Wednesday 5 March 2008

[Mr. Joe Benton in the Chair]

Cashback Contracts

Motion made, and Question proposed, That the sitting be now adjourned.—[Mr. Michael Foster.]

9.30 am

Mr. Roger Godsiff (Birmingham, Sparkbrook and Small Heath) (Lab): It is always a pleasure to initiate a debate under your wise and experienced chairmanship, Mr. Benton. I am particularly pleased to have the opportunity to raise the issue of the way in which the mobile phone industry operates, its acquiescence to mobile phone retailers who offer unrealistic cashback offers, and the consequences for customers when retailers go into liquidation.

I should first like to talk specifically about Dial a Mobile, which was an independent retailer of mobile phones in the Bordesley Green area of my constituency. It ceased business on 30 August 2007 with, it was subsequently revealed, debts of £12 million and more than 90,000 customers who were connected through the company to the networks of the big five providers, Orange, T-Mobile, O2, Vodafone, and 3.

Prior to being contacted by constituents who were affected by the collapse of Dial a Mobile, I confess that I did not know much about the mobile phone industry or how it operated. Like an ever-increasing number of people, I use a mobile phone, and I had a contract with an airtime provider, but I did not know how the cashback system operated, the relationship between the airtime provider and the retailers, or the powers of the regulator, Ofcom. Having spent several months dealing with issues arising from the collapse of Dial a Mobile, I now have a good knowledge of how the industry operates, and I find what I have learned extremely disconcerting.

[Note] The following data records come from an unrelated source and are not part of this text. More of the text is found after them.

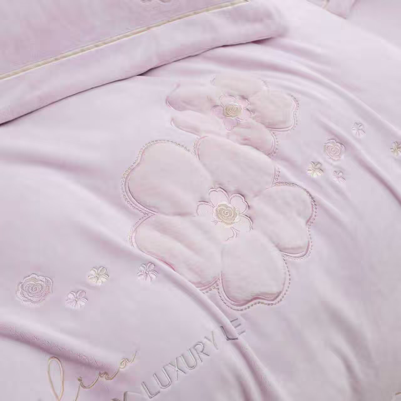 商品名称:棉生活家纺 2025新款高奢工艺260克A类牛奶绒兔毛贴布绣四件套-秀妍 秀妍-粉玉
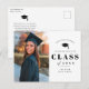En enkel examensannonseringsinbjudan postkort med stort examensår, klassisk typografi och studentnamn.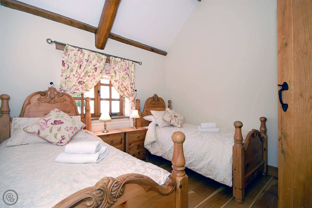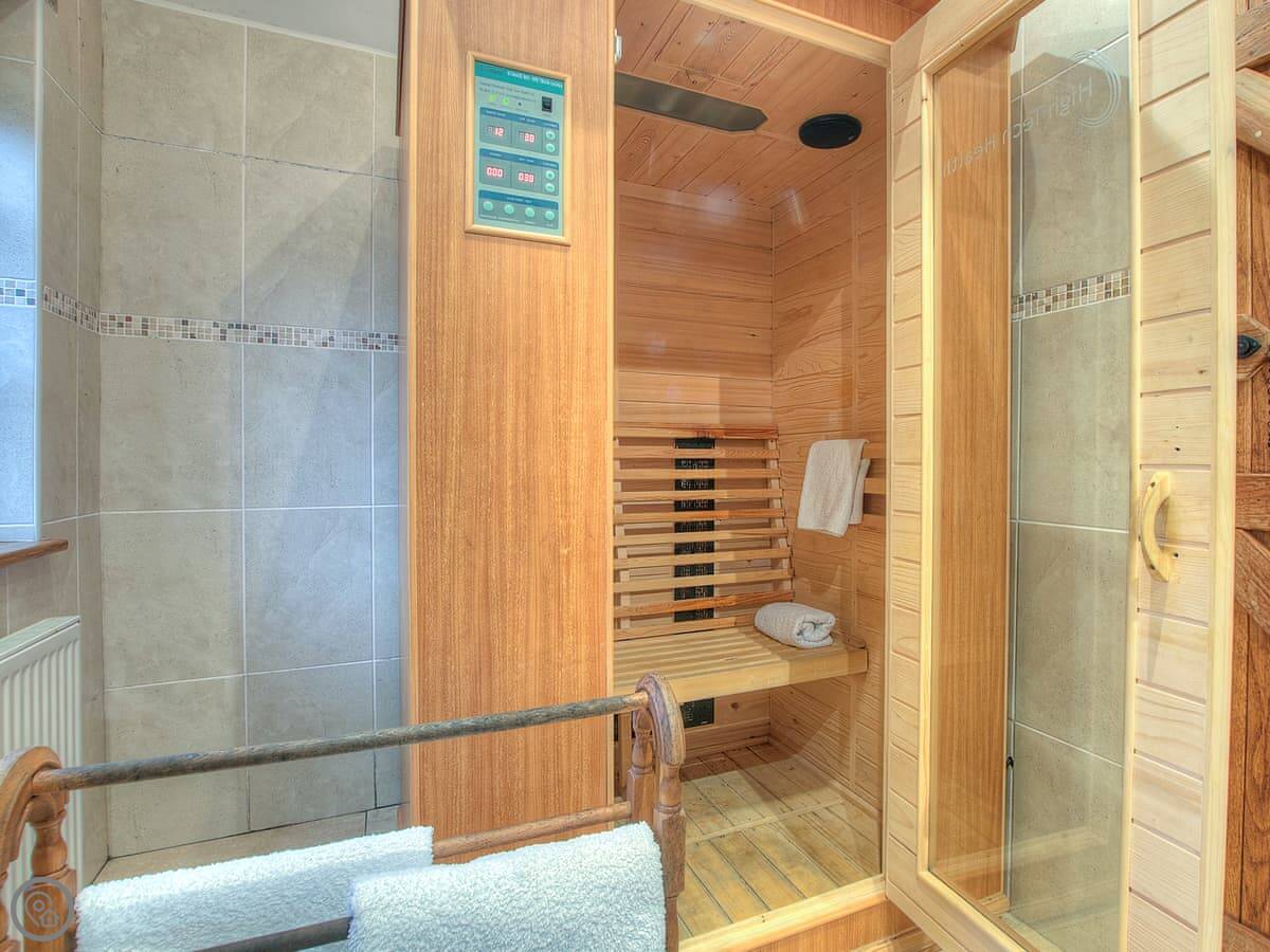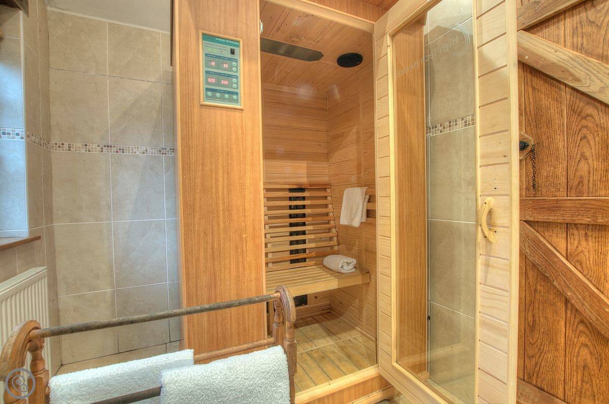It sleeps six, in three bedrooms. There are two bathrooms, which is handy. One bedroom has an en-suite with a small sauna for two people.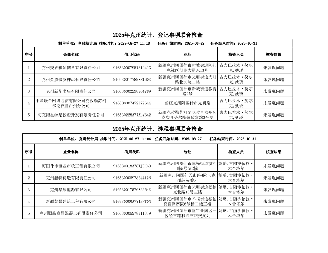 2025年克州统计局“双随机、一公开”检查结果公示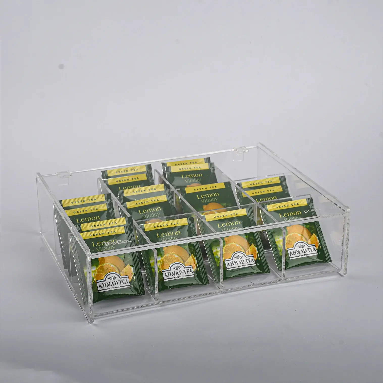 An acrylic tea bag organizer box, 12 sections, is the best way to organize and display tea bags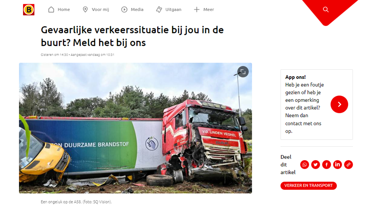 Het artikel van Omroep Brabant over gevaarlijke verkeerssituaties.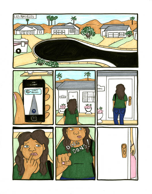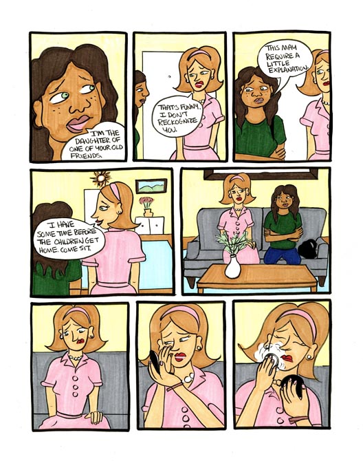 WT: Passing is based off of a screenplay I wrote back in college. I think it was the original made-for-film format which made the words play a supporting role to the environment. I'm not done drawing that story and hope to complete it at graphic novel size some time in the future. Wallpaper was more of an experiment. I was super busy this summer working on a longer, more research-heavy project and just wanted to go home and draw patterns to relax. After a while I came up with the idea of pairing a story with the patterns and letting them tell the story without the use of actual characters. In both cases, I don't think these stories work best in webcomics format.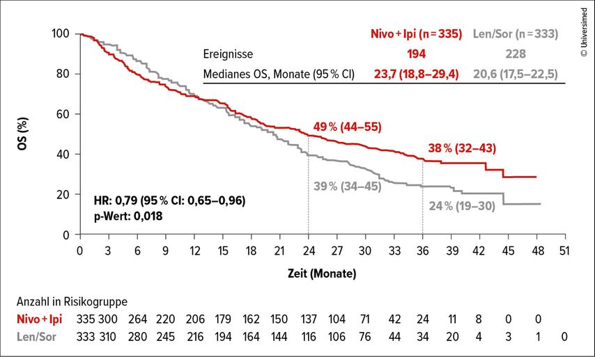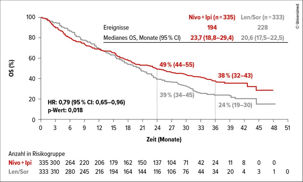 Insgesamt wurden 668 nicht vorbehandelte Patient:innen eingeschlossen, als primärer Studienendpunkt wurde das OS gewählt. Nach vier Zyklen der Kombinationstherapie wurde Nivolumab für maximal zwei Jahre und der Tyrosinkinase-Inhibitor bis Tumorprogress gegeben. Mit einer medianen Nachbeobachtungszeit von 35,2 Monaten lag das mediane OS bei 23,7 Monaten im Immuntherapie-Arm vs. 20,6 Monate im TKI-Arm.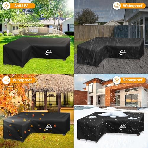 - 【Kipiea L Shaped Garden Furniture Covers】Would you like to protect your precious patio corner sofa from the elements with a high-quality cover? Kipiea garden sofa covers waterproof feature a double-layer PU waterproof coating on higher-density 420D fabric and quality waterproof tape at the seams to ensure the cover withstands up to 200,000+ Pa water pressure and keeps your furniture dry even after 2 years of use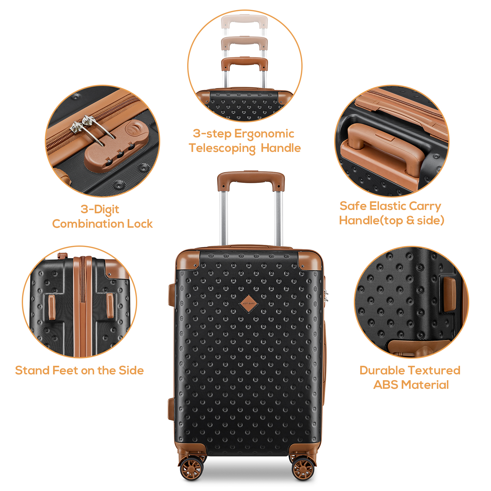 - 1.【PREMIUM MATERIAL: Durable Hard Shell】The Affordable Luggage Sets Include 20″ Carry on Luggage, a Weekender Travel Bag and a Toiletry Bag. This Trolley Case is Constructed with Lightweight and Highly Durable ABS Material. We Always Stand on the Customer’s Side to Test More Than 5000 Tests to Guarantee It Can Withstand the Checked Baggage and Keep Your Belongings Safe.20-Inch Suitcase(H*L*W:21.6″x 13.8″ x7.9″ ) with Ultra-strong Hardshells are Friendly, Giving a Safe and Reliable Outing Experience for Trip, Business, Weekend, School and more.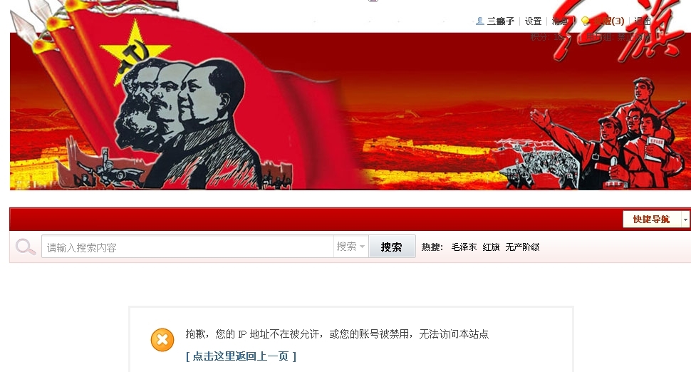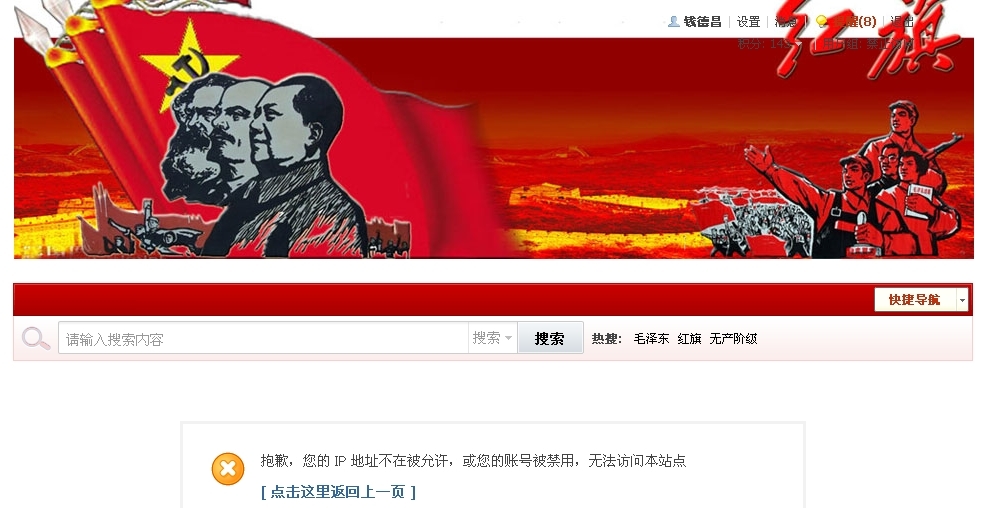 回复 10楼红山茶的帖子“红旗”网管理员HQ是反革命,也封了我的2个IP,原因就是我主张新民主主义革命。向导 发表于 2012/8/7 14:53:00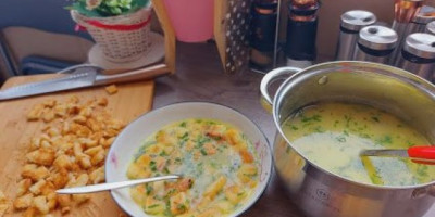 Dodati biber začin list peršuna po želji beli luk u granulama. Sipati u tanjir i dodati kockice hleba (kubeti...krutoni).

My concerns are not mine alone; they are shared by the European Union’s Communications Commissioner, Viviane Reding, who has serious concerns about how the mobile phone industry operates, particularly in this country and, as she calls it, its cosy relationship with Ofcom. She is also—rightly—extremely concerned about the vulnerable position in which many customers find themselves when mobile phone retailers go into liquidation.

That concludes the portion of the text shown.